Data section
____
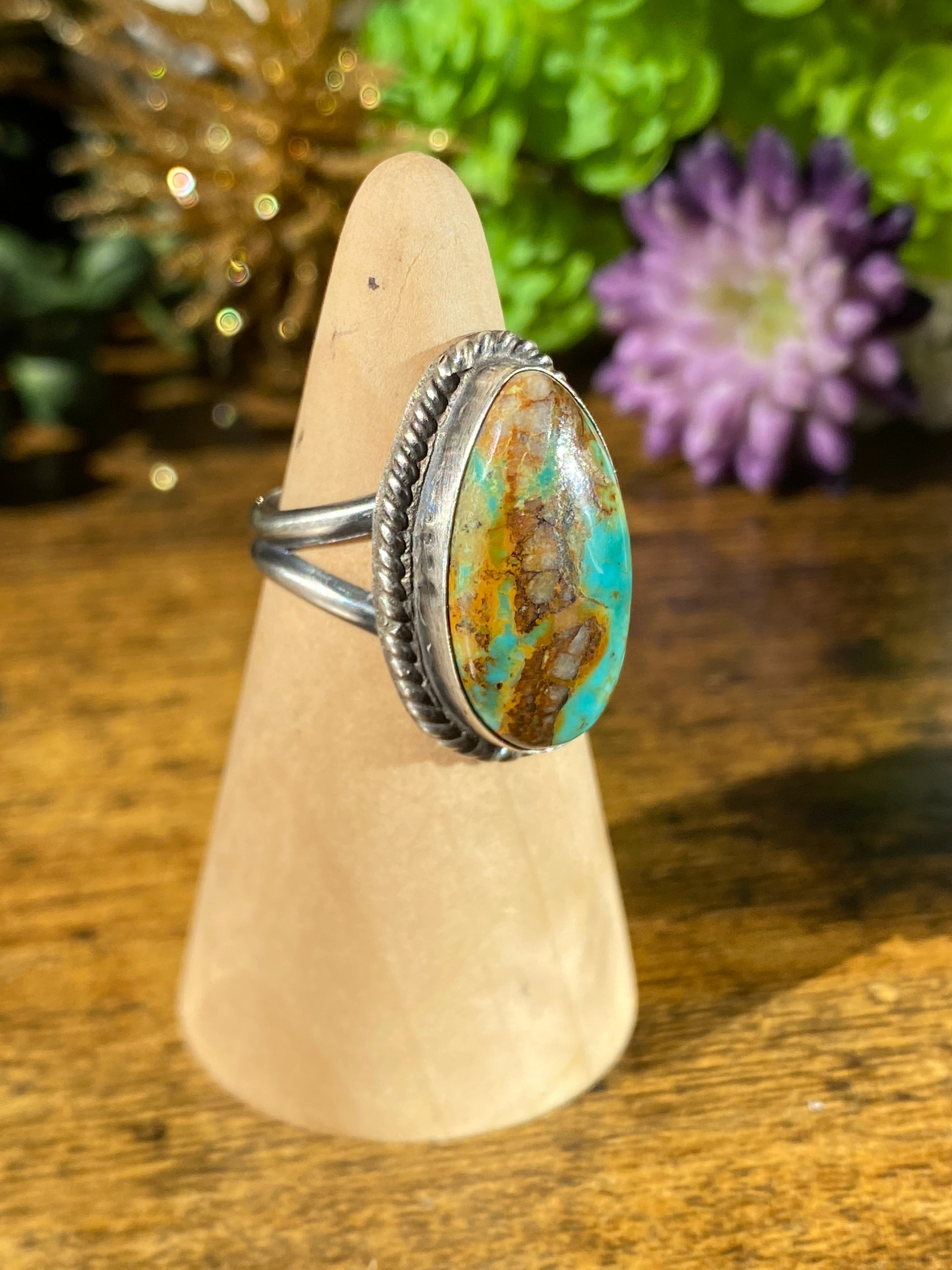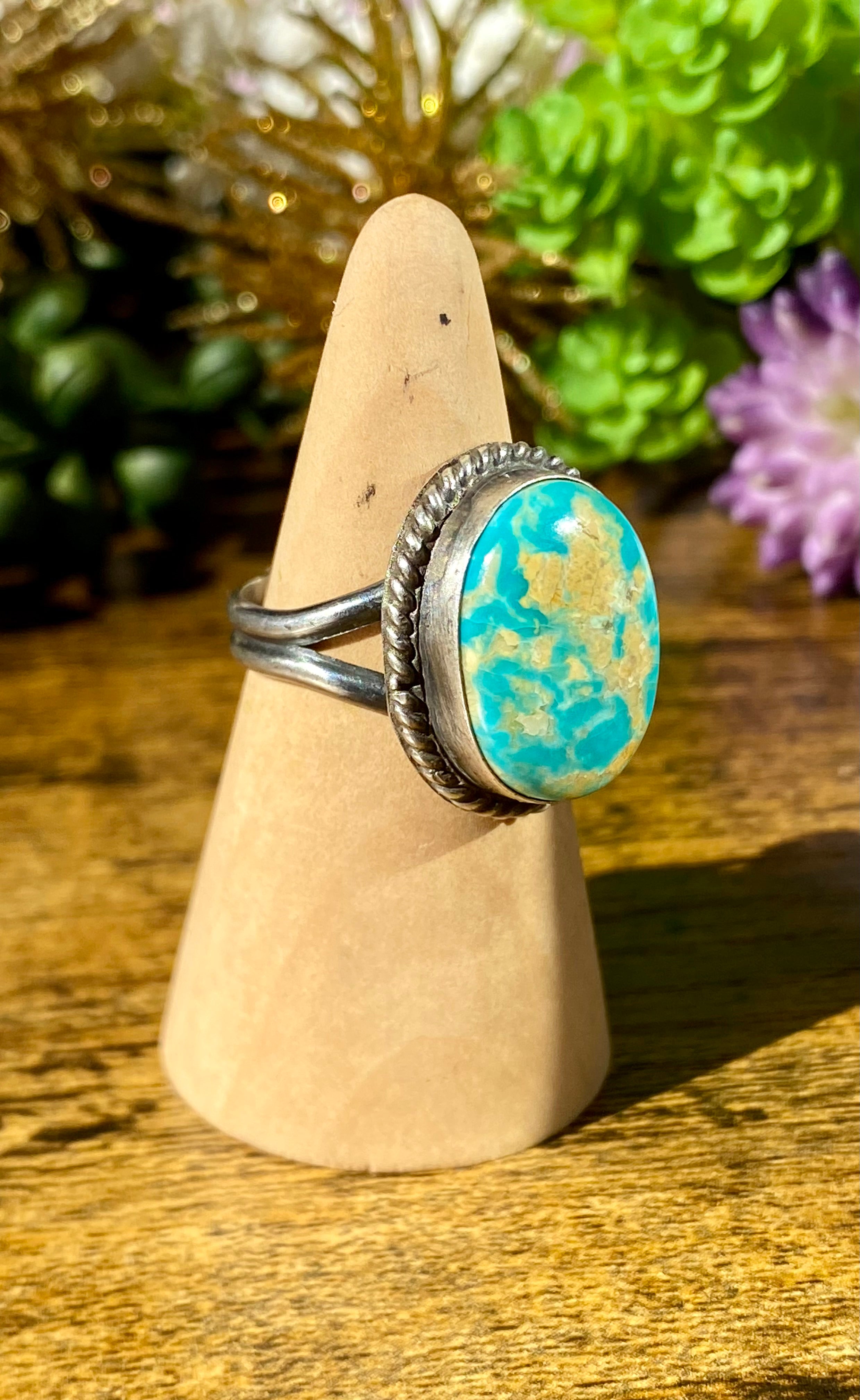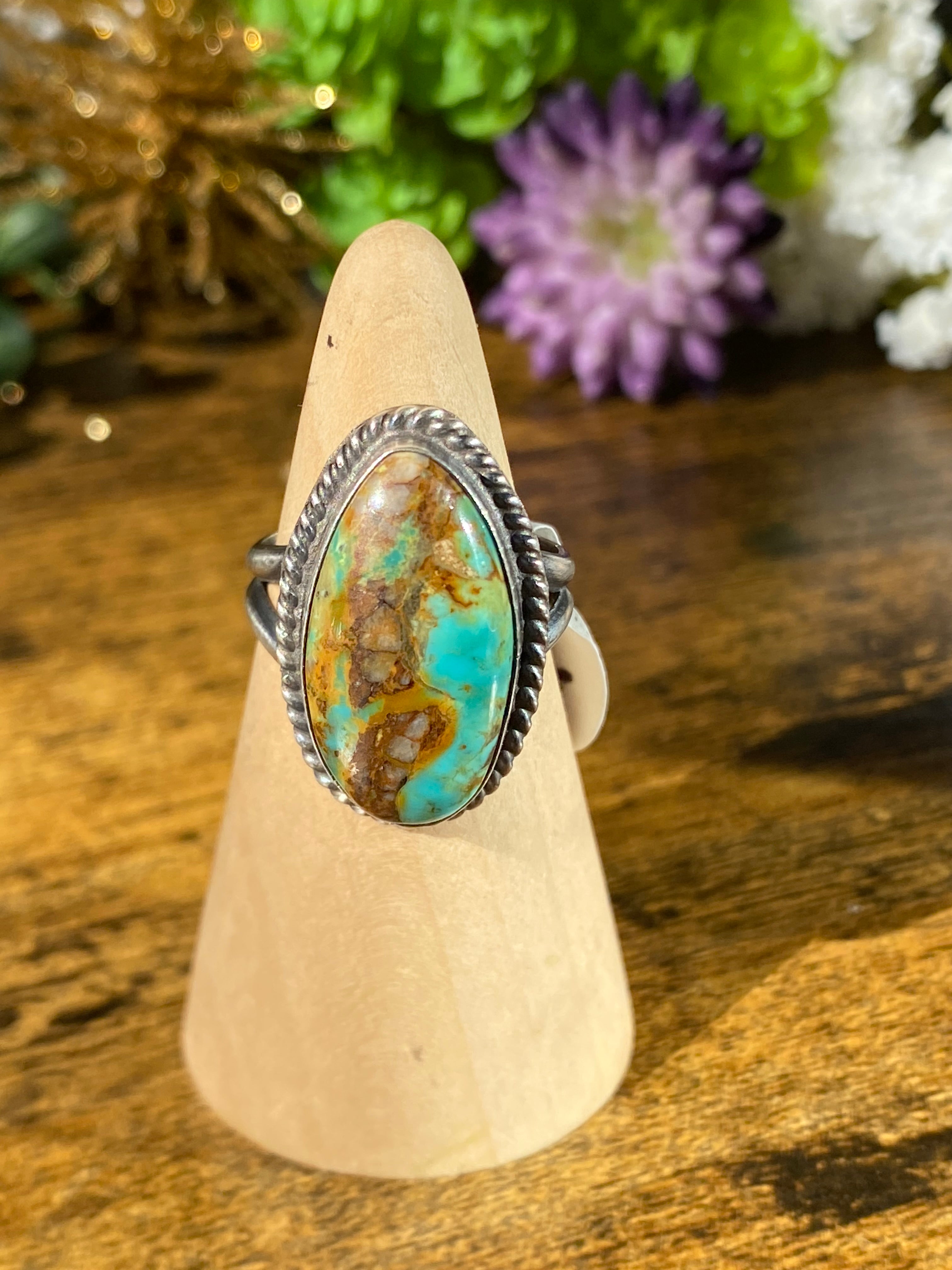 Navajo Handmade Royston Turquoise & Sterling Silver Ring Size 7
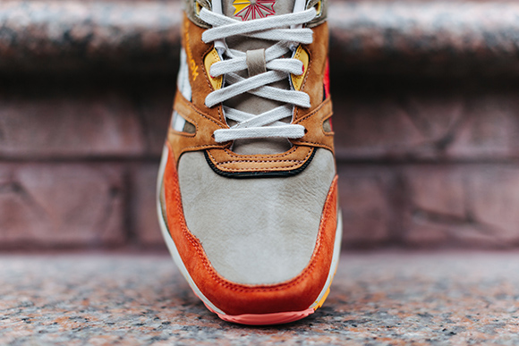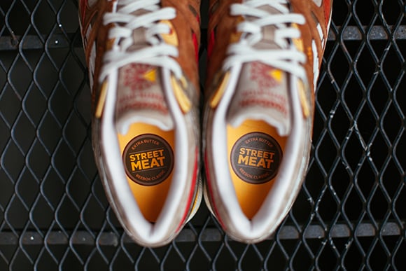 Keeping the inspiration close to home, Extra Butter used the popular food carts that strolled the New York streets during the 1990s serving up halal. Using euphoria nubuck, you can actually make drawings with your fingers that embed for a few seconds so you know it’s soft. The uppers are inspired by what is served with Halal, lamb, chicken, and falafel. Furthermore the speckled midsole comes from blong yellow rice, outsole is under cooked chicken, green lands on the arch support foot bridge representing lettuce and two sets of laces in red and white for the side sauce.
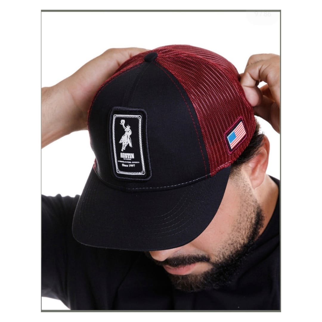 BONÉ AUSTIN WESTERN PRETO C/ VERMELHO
____
What the exercise asks
In your copy, reproduce the data above exactly and skip every picture.

Task output
 Navajo Handmade Royston Turquoise & Sterling Silver Ring Size 7
 Keeping the inspiration close to home, Extra Butter used the popular food carts that strolled the New York streets during the 1990s serving up halal. Using euphoria nubuck, you can actually make drawings with your fingers that embed for a few seconds so you know it’s soft. The uppers are inspired by what is served with Halal, lamb, chicken, and falafel. Furthermore the speckled midsole comes from blong yellow rice, outsole is under cooked chicken, green lands on the arch support foot bridge representing lettuce and two sets of laces in red and white for the side sauce.
 BONÉ AUSTIN WESTERN PRETO C/ VERMELHO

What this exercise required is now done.